:: Entries provided
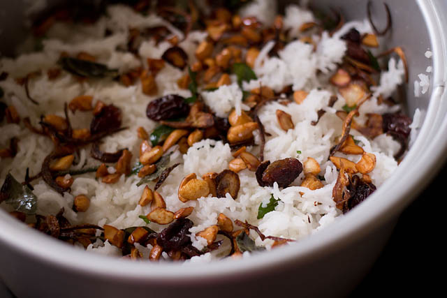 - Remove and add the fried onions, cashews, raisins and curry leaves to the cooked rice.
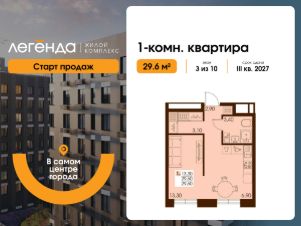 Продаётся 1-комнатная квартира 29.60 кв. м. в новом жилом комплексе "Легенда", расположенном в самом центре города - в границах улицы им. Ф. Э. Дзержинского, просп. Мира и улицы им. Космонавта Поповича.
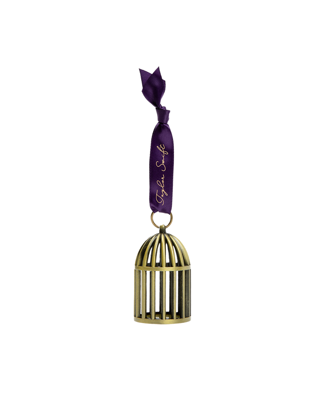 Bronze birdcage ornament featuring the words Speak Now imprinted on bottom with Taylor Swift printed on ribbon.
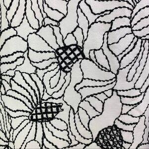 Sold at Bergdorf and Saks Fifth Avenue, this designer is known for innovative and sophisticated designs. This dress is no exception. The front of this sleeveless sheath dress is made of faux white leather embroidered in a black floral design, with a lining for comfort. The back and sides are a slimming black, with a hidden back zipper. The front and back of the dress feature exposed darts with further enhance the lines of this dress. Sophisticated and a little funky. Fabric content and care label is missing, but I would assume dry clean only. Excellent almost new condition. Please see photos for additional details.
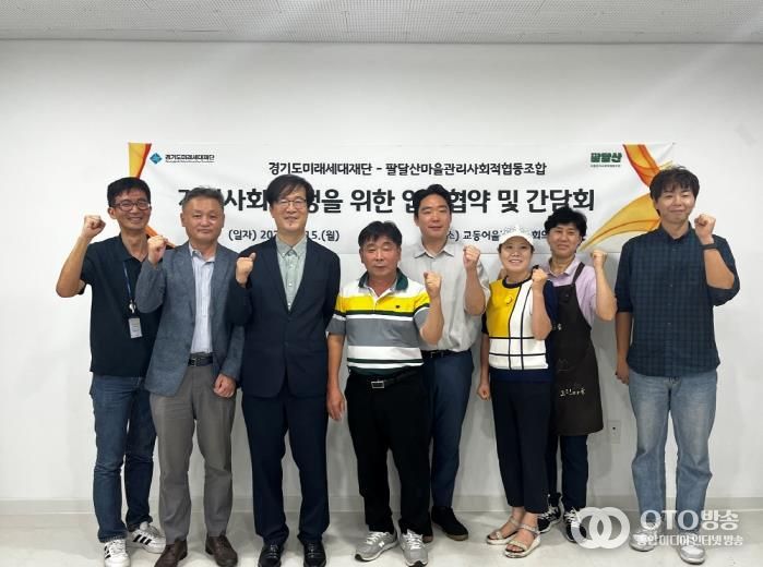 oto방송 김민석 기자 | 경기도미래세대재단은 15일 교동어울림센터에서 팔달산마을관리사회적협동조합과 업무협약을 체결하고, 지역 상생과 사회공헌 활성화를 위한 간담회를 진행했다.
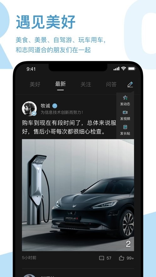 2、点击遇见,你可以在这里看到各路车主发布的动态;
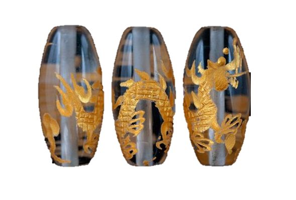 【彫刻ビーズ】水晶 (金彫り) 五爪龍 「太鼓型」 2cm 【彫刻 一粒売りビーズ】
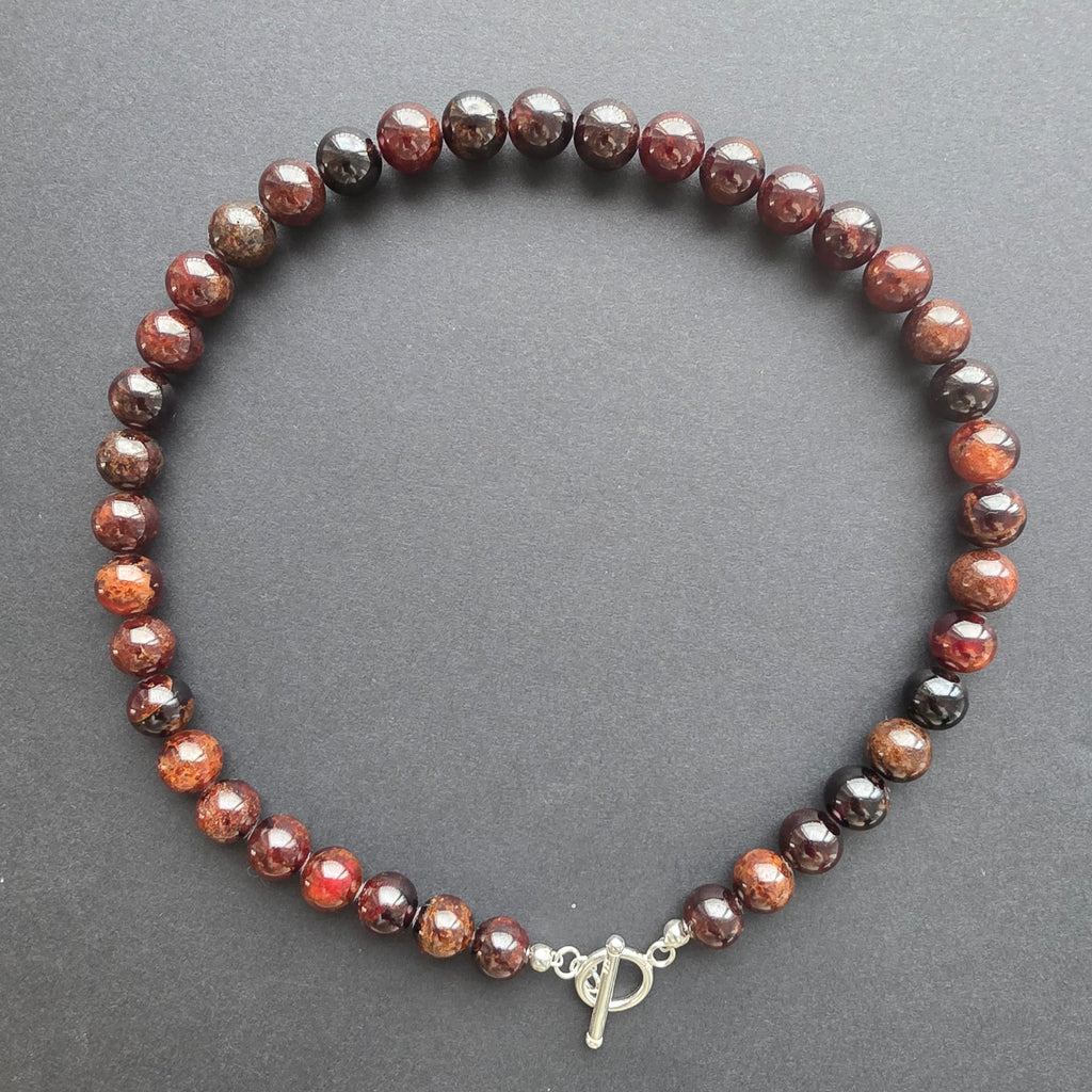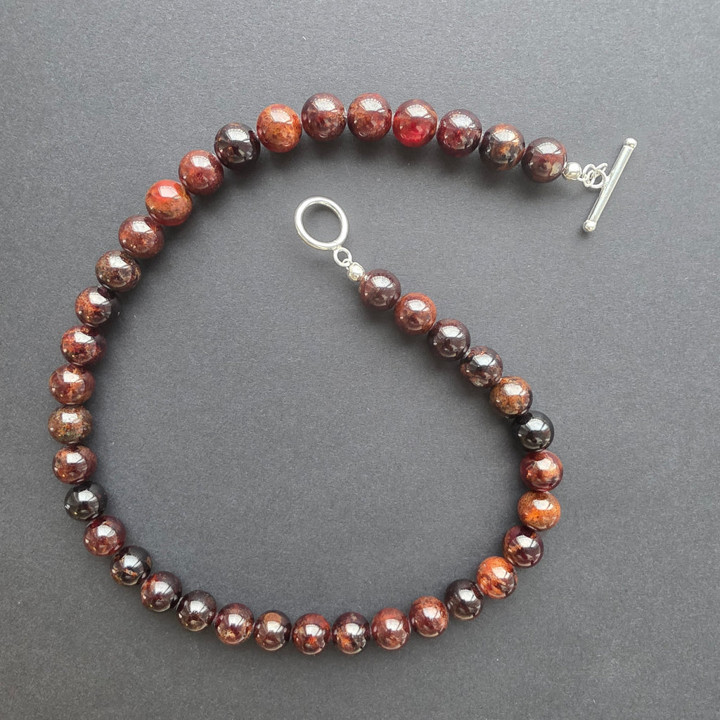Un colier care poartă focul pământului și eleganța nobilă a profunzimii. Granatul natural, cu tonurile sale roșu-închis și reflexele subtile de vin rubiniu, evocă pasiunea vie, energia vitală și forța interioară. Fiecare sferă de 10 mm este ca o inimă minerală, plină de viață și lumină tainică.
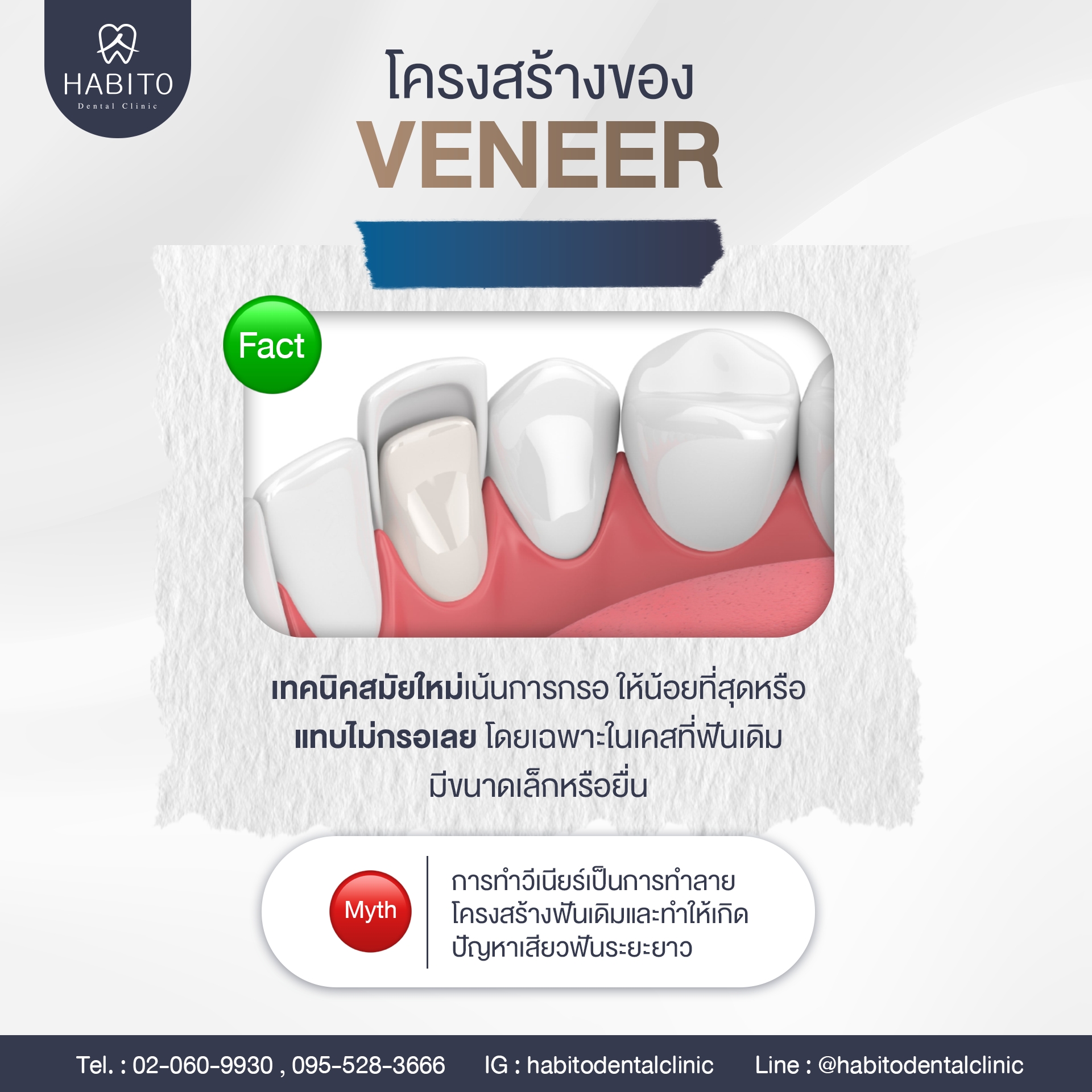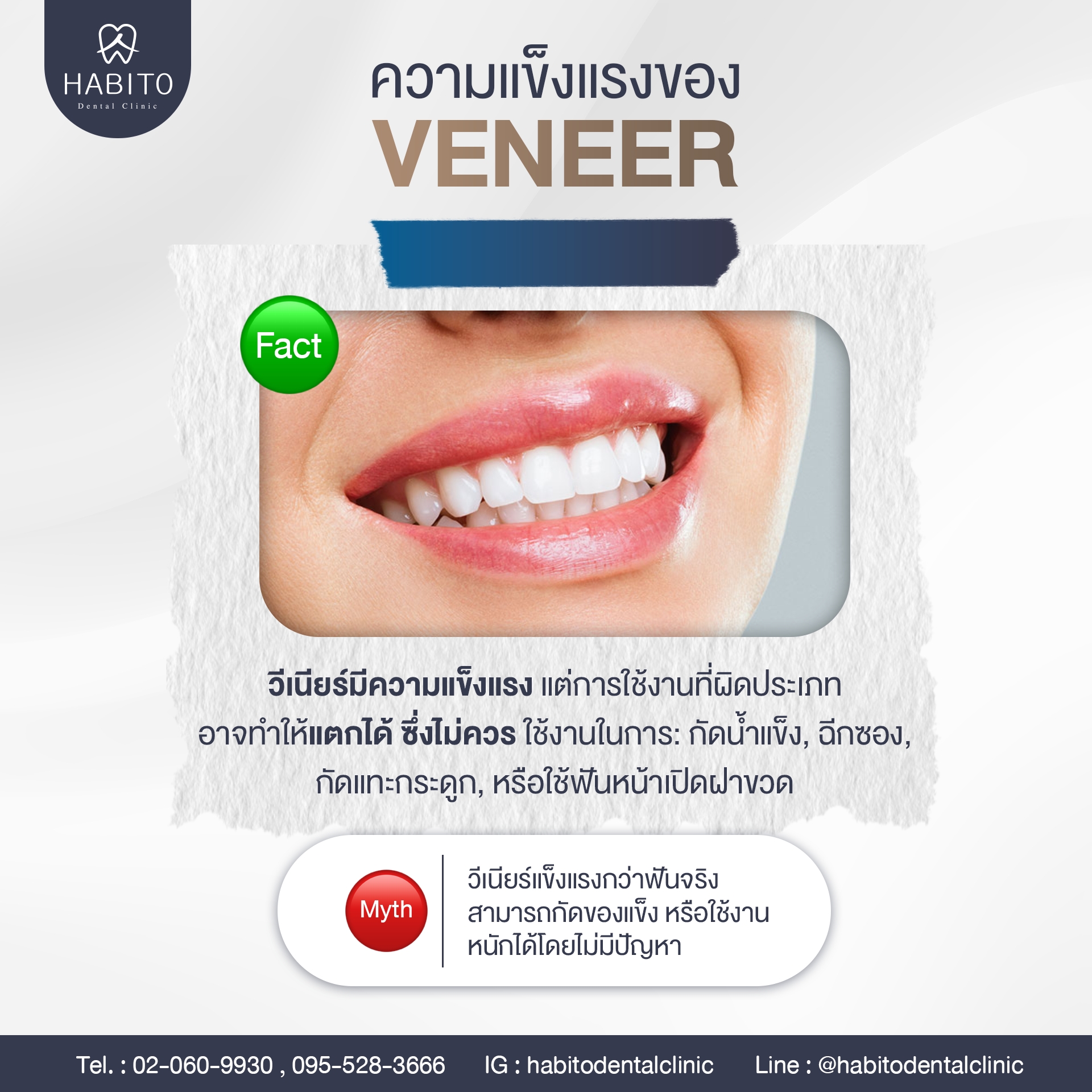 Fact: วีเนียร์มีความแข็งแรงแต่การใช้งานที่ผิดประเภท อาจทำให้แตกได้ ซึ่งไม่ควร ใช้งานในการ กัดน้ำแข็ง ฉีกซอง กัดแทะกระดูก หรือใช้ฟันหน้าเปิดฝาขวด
::::
:: Entries provided
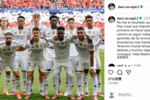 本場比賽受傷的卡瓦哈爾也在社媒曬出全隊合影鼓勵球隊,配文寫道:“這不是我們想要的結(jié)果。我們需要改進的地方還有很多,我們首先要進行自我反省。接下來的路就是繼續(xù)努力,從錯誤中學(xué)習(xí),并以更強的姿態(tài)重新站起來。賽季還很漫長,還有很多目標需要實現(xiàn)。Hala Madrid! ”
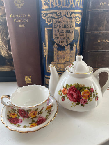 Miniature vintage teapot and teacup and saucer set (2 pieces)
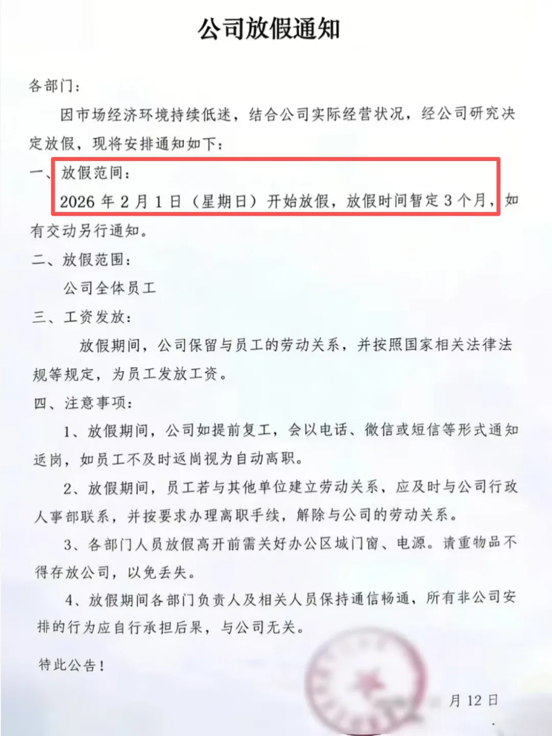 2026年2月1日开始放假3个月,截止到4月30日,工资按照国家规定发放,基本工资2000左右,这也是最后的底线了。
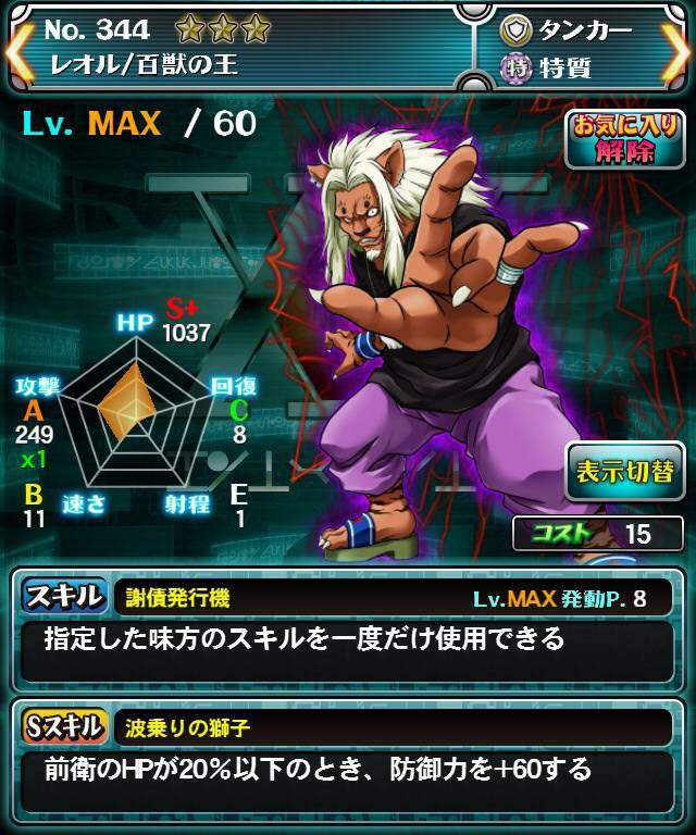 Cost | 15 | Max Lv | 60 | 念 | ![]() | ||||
::::
Goal of the exercise:
Your copy should hold the lines from the one with "- Remove and" up to and including the one with "Bronze birdcage ornament", exactly as in the data above, and no pictures.

Finished exercise:
 - Remove and add the fried onions, cashews, raisins and curry leaves to the cooked rice.
 Продаётся 1-комнатная квартира 29.60 кв. м. в новом жилом комплексе "Легенда", расположенном в самом центре города - в границах улицы им. Ф. Э. Дзержинского, просп. Мира и улицы им. Космонавта Поповича.
 Bronze birdcage ornament featuring the words Speak Now imprinted on bottom with Taylor Swift printed on ribbon.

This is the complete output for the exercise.